● Your goal
Word for word, transcribe the listing that follows, minus any pictures.

--- Data shown Enclosed Below ---

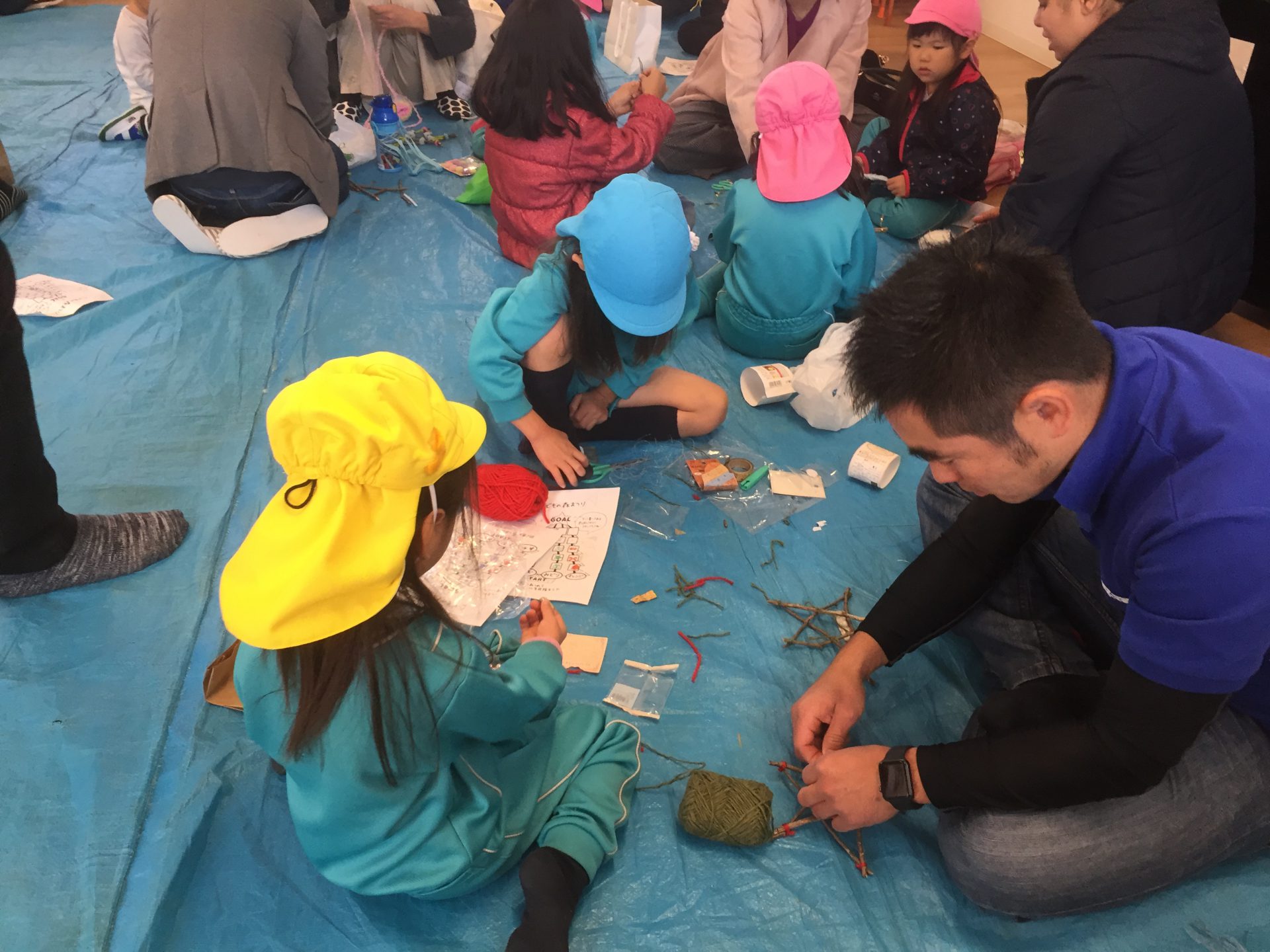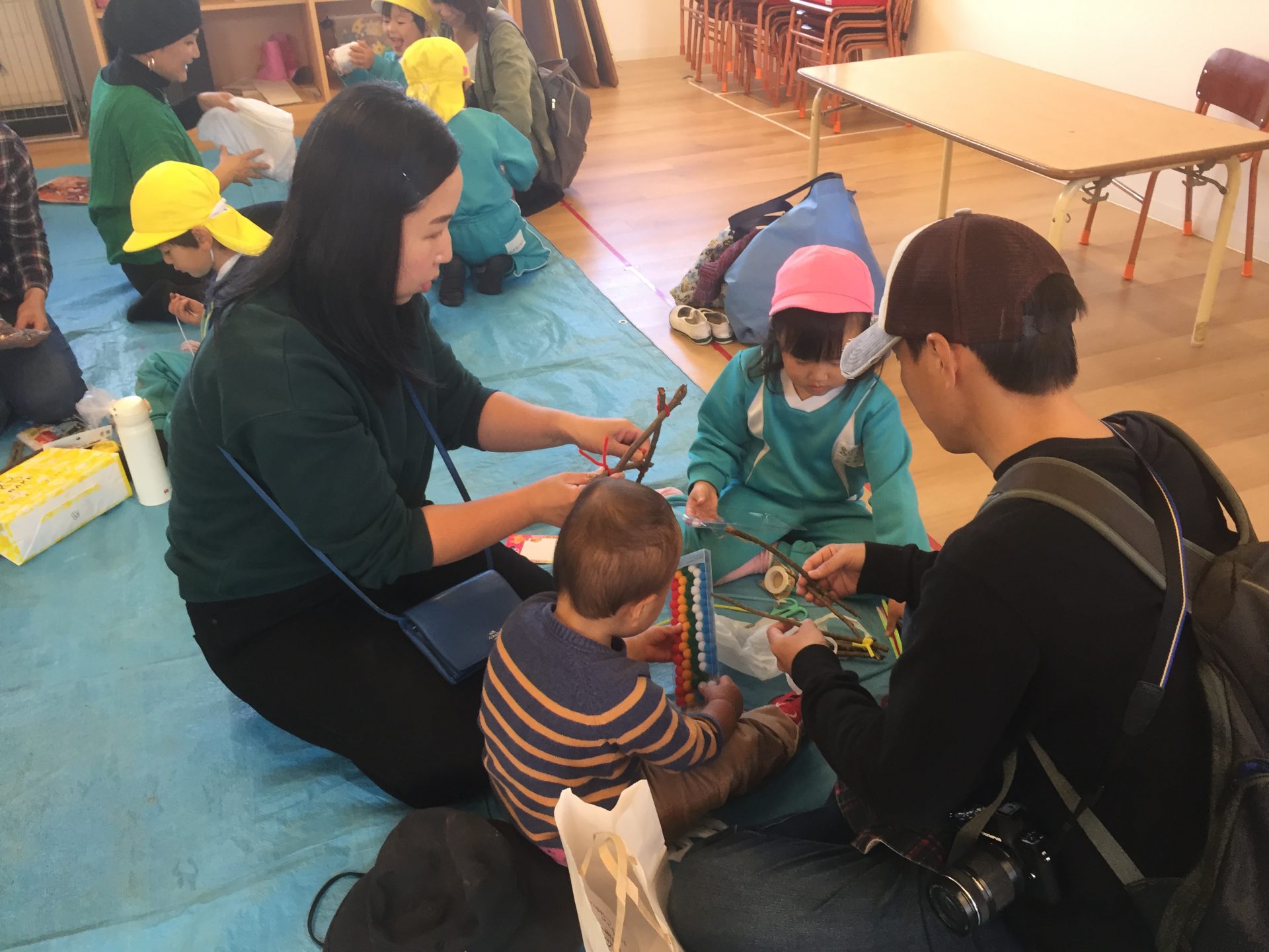 ご家庭から、毛糸やモール等使いたい素材を持ってきて頂き、「どんな風に作ろうか?」と親子で話し合いながら楽しく製作をしました。
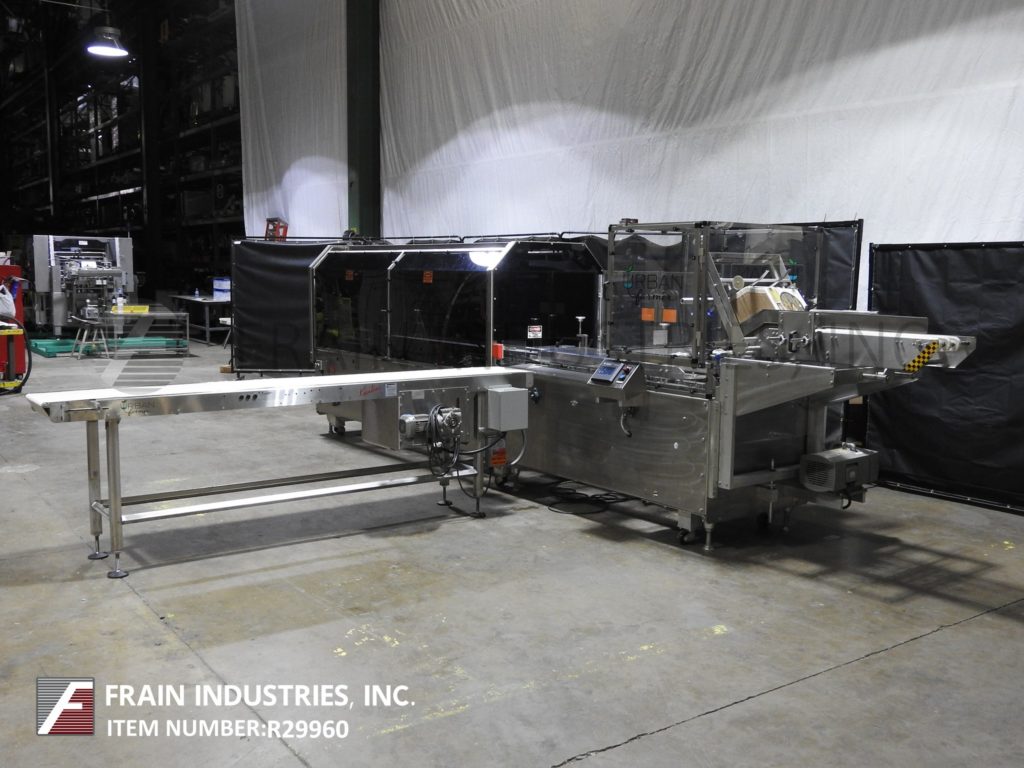 返回所有设备ADCO,型号15D105,半自动,不锈钢,水平,左右,连续运动,热熔胶胶凝剂,每分钟20到80纸盒 - 取决于材料,应用和操作员灵活性。纸箱尺寸范围:1“至10½”的长度;¾“宽度为4”;深度为4½“至12”。配备(3)链可调节12“中心,带1½”宽x 4“高凸耳,36英寸长(3)腰带自动空白纸箱杂志,具有(3)头旋转镐和放置,有16”宽X 120英寸长,氯丁橡胶带产品在供给输送机。配备35英寸进给和排放44“长操作员手装胶区域,Nordson 2-Gun热熔胶系统,具有主要和小襟翼近距离和36”长x 1-1 / 2“宽压缩和排放式输送带部分,具有自含有真空系统和顶部安装的通风风扇。控制面板具有A / B控制器,带有A / B PanelView控件,读出胶水,真空和Vari速度控制,启动,重置和电子停止按钮。安装在不锈钢基架上,带有翻转互锁安全保护和脚轮。
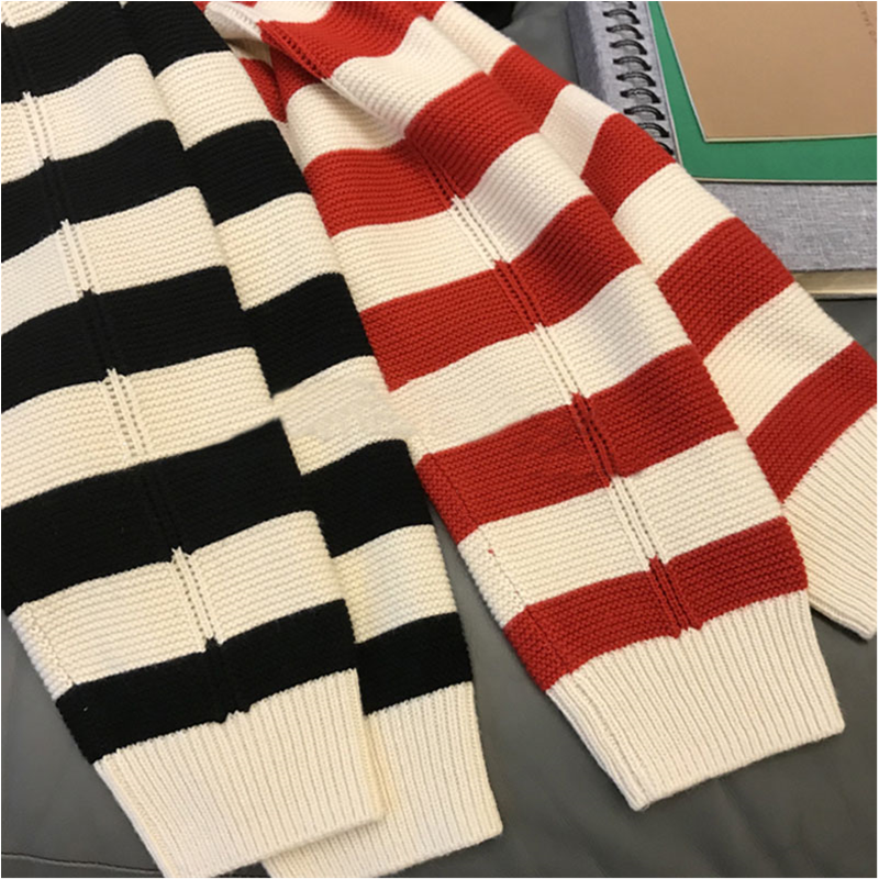 Polo Collar Sweater Women's Autumn And Winter Striped Red Casual Loose Pullover Short Knitted Sweater Long-sleeved Top Y2K
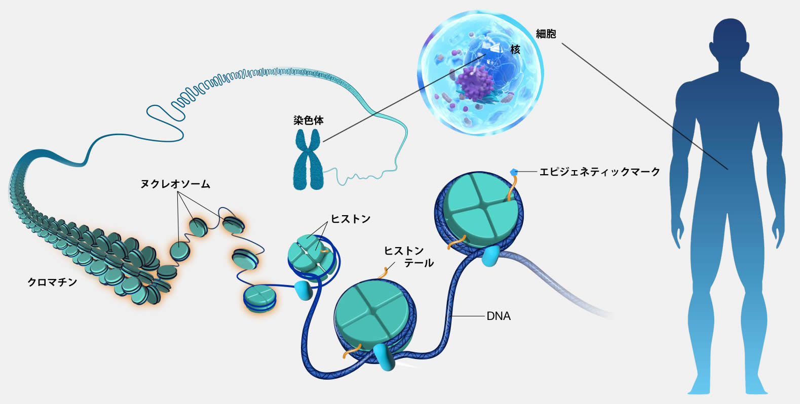 ヌクレオソームは、染色体の基本構成単位で、ヒストンと呼ばれるタンパク質にDNAが1.75回巻き付いた複合体で、エピジェネティクス(後天的な化学修飾)により、DNAにメチル化、ヒストンにメチル化やアセチル化などの化学修飾が起きています。

--- End of Enclosed Data shown ---

● Answer space
 ご家庭から、毛糸やモール等使いたい素材を持ってきて頂き、「どんな風に作ろうか?」と親子で話し合いながら楽しく製作をしました。
 返回所有设备ADCO,型号15D105,半自动,不锈钢,水平,左右,连续运动,热熔胶胶凝剂,每分钟20到80纸盒 - 取决于材料,应用和操作员灵活性。纸箱尺寸范围:1“至10½”的长度;¾“宽度为4”;深度为4½“至12”。配备(3)链可调节12“中心,带1½”宽x 4“高凸耳,36英寸长(3)腰带自动空白纸箱杂志,具有(3)头旋转镐和放置,有16”宽X 120英寸长,氯丁橡胶带产品在供给输送机。配备35英寸进给和排放44“长操作员手装胶区域,Nordson 2-Gun热熔胶系统,具有主要和小襟翼近距离和36”长x 1-1 / 2“宽压缩和排放式输送带部分,具有自含有真空系统和顶部安装的通风风扇。控制面板具有A / B控制器,带有A / B PanelView控件,读出胶水,真空和Vari速度控制,启动,重置和电子停止按钮。安装在不锈钢基架上,带有翻转互锁安全保护和脚轮。
 Polo Collar Sweater Women's Autumn And Winter Striped Red Casual Loose Pullover Short Knitted Sweater Long-sleeved Top Y2K
 ヌクレオソームは、染色体の基本構成単位で、ヒストンと呼ばれるタンパク質にDNAが1.75回巻き付いた複合体で、エピジェネティクス(後天的な化学修飾)により、DNAにメチル化、ヒストンにメチル化やアセチル化などの化学修飾が起きています。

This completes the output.